Вопрос или проблема
У меня есть скрипт на Python, который я загружаю в Azure Function App (это триггер для blob storage). Моя функция время от времени достигает предела по памяти, и я подумал, что неплохо было бы вручную выполнить сборку мусора в конце скрипта, чтобы посмотреть, поможет ли это мне избежать превышения лимита. Вот что у меня сейчас в конце скрипта.
del blob_data_frame
del processed_df
if blob_data_frame1:
del blob_data_frame1
if blob_data_frame2:
del blob_data_frame2
for name in dir():
if not name.startswith(('_', 'blob', 'conn', 'engine_', 'myblob', 'params', 'processed_df', 'result')):
del globals()[name]
for name in dir():
if not name.startswith(('_', 'blob', 'conn', 'engine_', 'myblob', 'params', 'processed_df', 'result')):
del locals()[name]
Как вы можете видеть, кортеж startswith() становится довольно большим. Каждый раз, когда я запускаю скрипт, он выдает
Исключение: KeyError: {переменная}
с другой переменной, которую мне нужно добавить в этот кортеж. Меня пугает, что ни один из элементов в dir() не может быть удален и этот кортеж будет огромным. Кто-нибудь знает, почему это может происходить?
ПРАЗДНИК ДЛЯ БОЛЬШОЙ ЯСНОСТИ:
Ошибка возникает из строки del globals()[name]
.
Здесь ваша ошибка заключается в том, что вашего ключа не существует в globals. Что-то вроде этого решит вашу ошибку:
del blob_data_frame
del processed_df
if blob_data_frame1:
del blob_data_frame1
if blob_data_frame2:
del blob_data_frame2
for name in dir():
if globals().get(name) and not name.startswith(('_', 'blob', 'conn', 'engine_', 'myblob', 'params', 'processed_df', 'result')):
del globals()[name]
for name in dir():
if locals().get(name) and not name.startswith(('_', 'blob', 'conn', 'engine_', 'myblob', 'params', 'processed_df', 'result')):
del locals()[name]
Но я не уверен, что это хороший способ удаления, ваша первая часть, где вы вручную удаляете переменные, более производительна. Помните, что globals() в основном используется для отладки, чтобы увидеть, какие объекты находятся в глобальной области видимости, то же самое касается locals в вашем текущем контексте.
Ответ или решение
Ваша проблема связана с тем, что вы пытаетесь удалить переменные из глобального или локального пространства, но некоторые из них уже могут быть удалены или никогда не существовали, что и приводит к ошибкам KeyError
. Вы правильно заметили, что количество переменных, которые вы пытаетесь удалить, увеличивается, и это может привести к сложности управления памятью.

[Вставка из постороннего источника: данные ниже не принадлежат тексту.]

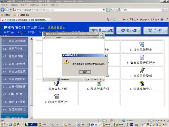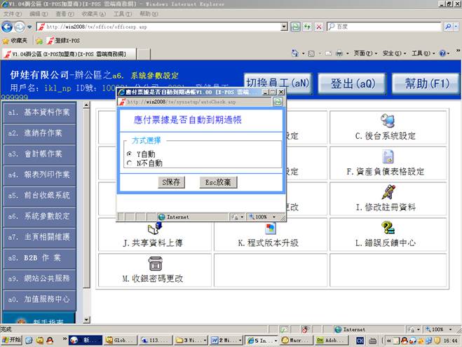 4. 設置應付票據是否自動到期過帳(Y.自動或N.不自動)=》選擇 “Y自動”=》點擊![]()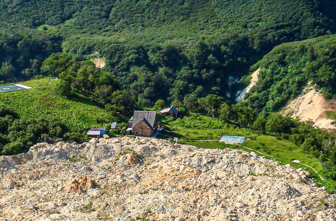 В июне 2007 года здесь произошла природная катастрофа. Кусок горы прямо над кордоном ДГ как ножом срезало, и на долину сошел оползень: Сель перегородила речку Гейзерную и в результате получилось вот такое грязноватого цвета подпорное озеро: "Ааа!!! - катастрофа! Долина Гейзеров уничтожена!" - вопили разные природоориентированные всепропанцы. "Да и ладно, не в первый раз.." - подумала Долина Гейзеров про этот самый оползень. Что самое интересное - оползневые потоки могли смести напрочь постройки в ДГ, но остановились буквально в метрах от них! Вот такие фотки мне прислали в том 2007 году: Как такое могло произойти? Какой невиданной силы карма у этого кордона?? Слегка пострадал только железный сарайчик с электрогенераторами.. Вот как такое чудо могло произойти? В метре от самой критической инфраструктуры - взяло, да и остановилось! Увы, несколько гейзеров затопило - но уверен, что всё это временно. Туристическую инфраструктуру тоже затронуло. С тех пор на ту сторону любопытных туристов больше не водят..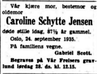 Caroline Schytte Jensen er gravlagt i familiegrav på Vår Frelsers gravlund i Oslo.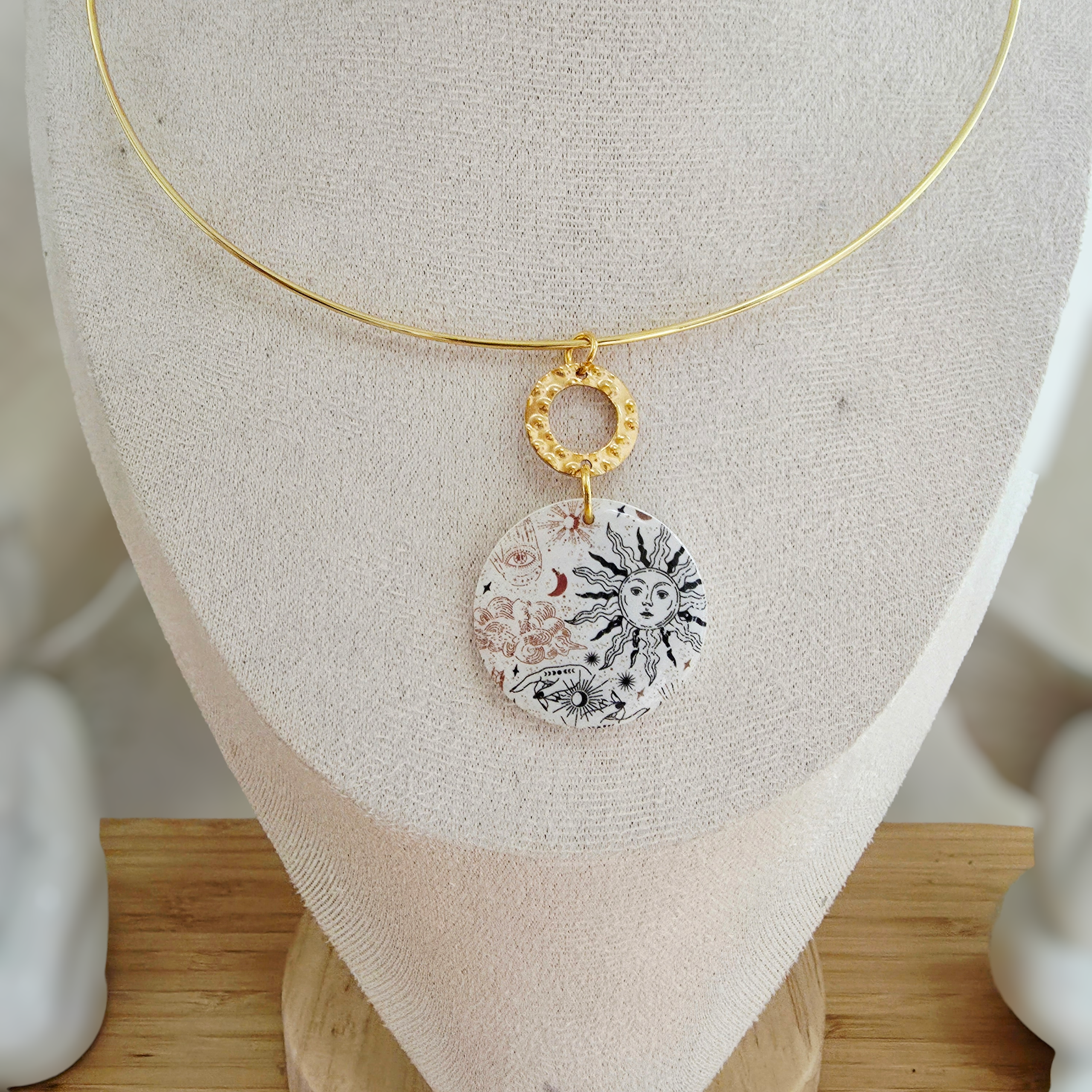 Pièce Unique : Médaillon réalisé entièrement à la main en pâte polymère, faisant de chaque collier un exemplaire unique.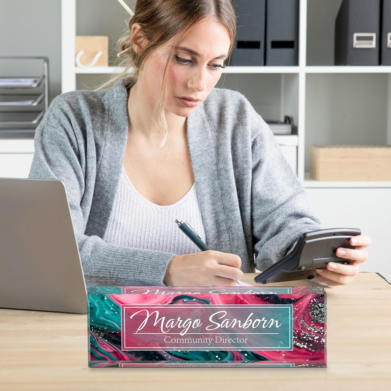 Personalized Name Plate for Desk, Custom Desk Name Plate, Acrylic Name Plate Office Desk Accessories, Personalized Office Gifts for Coworkers Teachers, Employee Appreciation Gifts (C-Teal Spark)
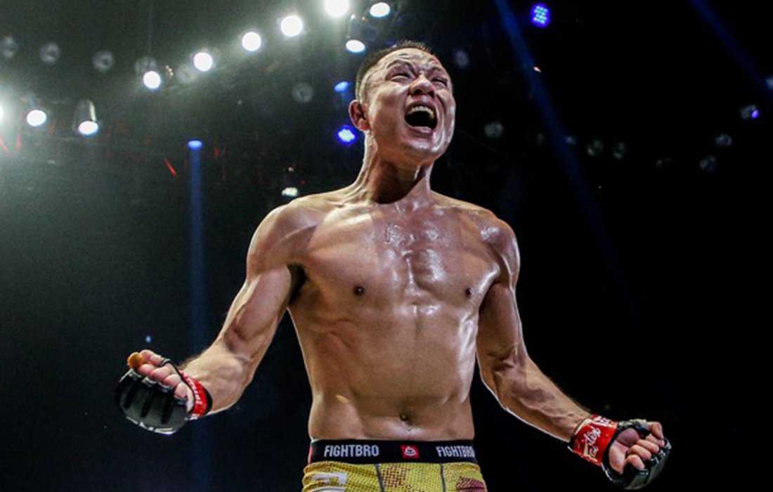 China’s Chen Lei celebrates beating Indonesia’s Anthony Engelen on Saturday night in Shanghai. Photo: Courtesy of ONE Championship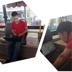 此次技術(shù)比武中,有兩位年輕的技術(shù)骨干,薄海東就是其中一個(gè)。他個(gè)頭兒不高卻能發(fā)揮優(yōu)勢(shì),在需要鉆車底、大個(gè)子進(jìn)不去的地方他都積極向前。而且骨子里也有一股倔強(qiáng)勁兒,他不但各項(xiàng)修理技術(shù)手到擒來(lái)而且用電腦查車輛問(wèn)題也是一把好手,綜合能力突出,體現(xiàn)了新一代公交修理人的風(fēng)采。

Вот несколько подходов для решения этой проблемы и уменьшения использования памяти в вашей Azure Function:
Решение 1: Удаление с проверкой наличия ключа
Вместо непосредственного удаления переменной через del globals()[name]
, вы можете использовать метод get()
, который позволит избежать возникновения ошибки, если переменной не существует:
if 'blob_data_frame' in globals():
del globals()['blob_data_frame']
if 'processed_df' in globals():
del globals()['processed_df']
if 'blob_data_frame1' in globals():
del globals()['blob_data_frame1']
if 'blob_data_frame2' in globals():
del globals()['blob_data_frame2']
for name in dir():
if name not in ('blob', 'conn', 'engine_', 'myblob', 'params', 'processed_df', 'result') and not name.startswith('_'):
if name in globals():
del globals()[name]
Решение 2: Использование gc.collect()
Вы можете также рассмотреть возможность использования модуля gc
(garbage collection) для управления памятью. Он позволяет вам явно вызывать сборщик мусора, что может также помочь в некоторых ситуациях:
import gc
# Ваш код
# Явный вызов сборщика мусора
gc.collect()
Решение 3: Упрощение управления переменными
Один из способов упростить управление памятью и избежать необходимости в ручном удалении переменных – сократить количество создаваемых временных переменных. Например, вместо создания больших DataFrame и их последующего удаления, старайтесь замещать их на этапе обработки, что поможет снизить распределение памяти.
Рекомендации
- Анализируйте использование памяти с помощью профайлеров, таких как
memory_profiler
, чтобы понять, где возникают утечки памяти. - Используйте Lazy Evaluation, чтобы задачи, не требующие немедленного вычисления, оставались без обработки до тех пор, пока это не станет необходимо.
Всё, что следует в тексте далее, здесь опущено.